Вот и у меня появился туз, Платон. Посмотрим, кто кого одолеет в этой войне…
Глава 6
— То есть эта женщина — его мать? — Ярослав стоит у меня за спиной. Одной рукой нежно массирует шею, другой упирается в стол.
Мы уже полчаса изучаем раздобытую Мадлен информацию и пытаемся свести концы с концами в мутной истории Богатырева.
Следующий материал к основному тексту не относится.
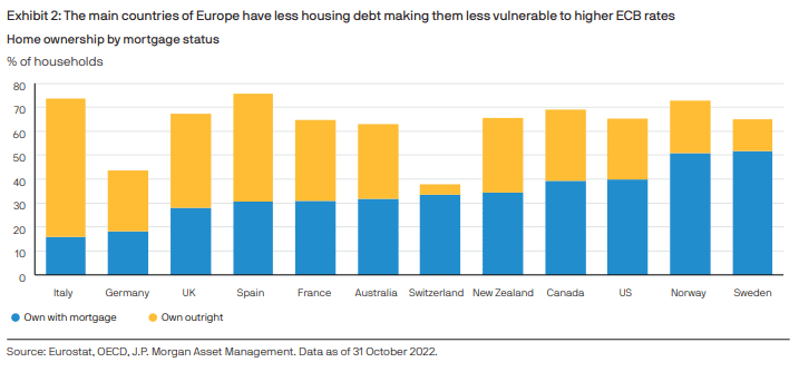👉 L'immobilier européen devrait bien tenir la hausse des taux de l'ECB, une bonne proportion de propriétaires n'ayant pas/plus de dettes sur leurs biens
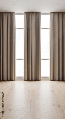 Modern empty room with large windows and beige curtains

— Там же все написано, — цокает Мадлен, покачиваясь в кресле. — Богатырев попал в детдом, когда ему было три. В восемнадцать он начал искать свою мать. Так как ее старая прописка давно утратила срок годности, а новой у нее не было, поиски затянулись на годы.
— Целых девять лет, — дополняю я, разглядывая фотографии из детского дома. Забавный мальчик с кудрявой шевелюрой — буквально копия моей Саши.
— Чуешь связь? — подталкивает меня Мадлен к занятным выводам.
Выходит, Платон бросил меня, когда нашел свою мать. Он отправился на встречу с ней. Не знал, насколько все затянется, потому и не обещал скорого возвращения.
— Намекаешь, что ему мама не давала вернуться к Рите? — скептически спрашивает Ярослав.
Я ловлю взгляд открывшей рот Мадлен и слегка мотаю головой. Она так и норовит рассказать ему, какие отношения меня связывали с Богатыревым, а я пока не готова признаться в таком своему жениху. Пусть он думает, что у нас был короткий бурный роман без обязательств, чем узнает, что по факту я была его шлюхой.
— Она шизанутая, — уточняет Мадлен. — Кстати, о болезни там отдельный трактат. Есть вероятность, что Богатырев тоже с возрастом свихнется.
— Свихнется? — прыскает Яр. — Да он уже чокнутый.
— А Саша? — произношу разбито, заставив их обоих замолчать. — Давайте говорить по делу.
— Если по делу, — вздыхает Мадлен, — то получается, все эти семь лет он ухаживал за своей матерью. Никаких романов и интрижек. Наверное, мало приятного представлять своей подружке умалишенную мамашку-алкашку.